Chapter 9, Sierra/Bates, Multithreading, Wait(), Notify() section:

class ThreadA{ public static void main(String[] args){ ThreadB b = new ThreadB(); b.start(); synchronized(b){ try{ System.out.println("Waiting for b to complete..."); b.wait(); }catch(InterruptedException e){} System.out.println("Total is: " + b.total); } } } class ThreadB extends Thread{ int total; public void run(){ synchronized(this){ for(int i=0; i<100; i++){ total += i; } notify(); } } }

Output:

Waiting for b to complete...
Total is: 4950

How does this happen?

for(int i=0; i<100; i++){ total += i; }
this is adding number from 0 to 99 into total.

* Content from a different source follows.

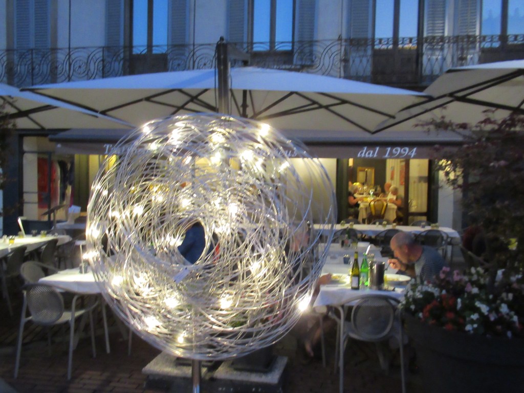 Our first night’s dinner was at Trattoria Sant Ambroseus. It is literally right around the corner from our hotel in the beautiful Piazza Vecchia. The piazza was lit and lively with people enjoying the beautiful evening.

total = 0+1+2+3+4+5+..........................99

1 + 2 + 3 + ... + n = n * (n + 1) / 2

you better start thread b from within the synchronization block.

edit:
I think the proof is something like this:
0 + ... + n = n * (n + 1) / 2

n = 0: 0 = 0 * 2 / 2 = 0

suppose 0 + ... + n = n * (n + 1) / 2 is true

prove: 0 + ... + n + 1 = (n + 1) * (n + 2) / 2

0 + ... + n + 1
= {trivial}
0 + ... + + n + n + 1
= {1 + ... + n = n * (n + 1) / 2}
n * (n + 1) / 2 + n + 1
= {x = y * x / y}
n * (n + 1) / 2 + 2 * (n + 1) / 2
= {x / z + y / z = (x + y) / z}
(n * (n + 1) + 2 * (n + 1)) / 2
= {x * z + y * z = (x + y) * z}
((n + 1) * (n + 2)) / 2
= {trivial}
(n + 1) * (n + 2) / 2

Hi Guys,

The wait() and notify() topics are good topics, but they've been removed from the SCJP exam.

hth,

Bert

Bert Bates wrote:Hi Guys,

The wait() and notify() topics are good topics, but they've been removed from the SCJP exam.

hth,

Bert

They are not in SCJP6 but are still in SCJP5 - correct?

1 + 2 + 3 + ... + n = n * (n + 1) / 2

Wow, I totally forgot about that.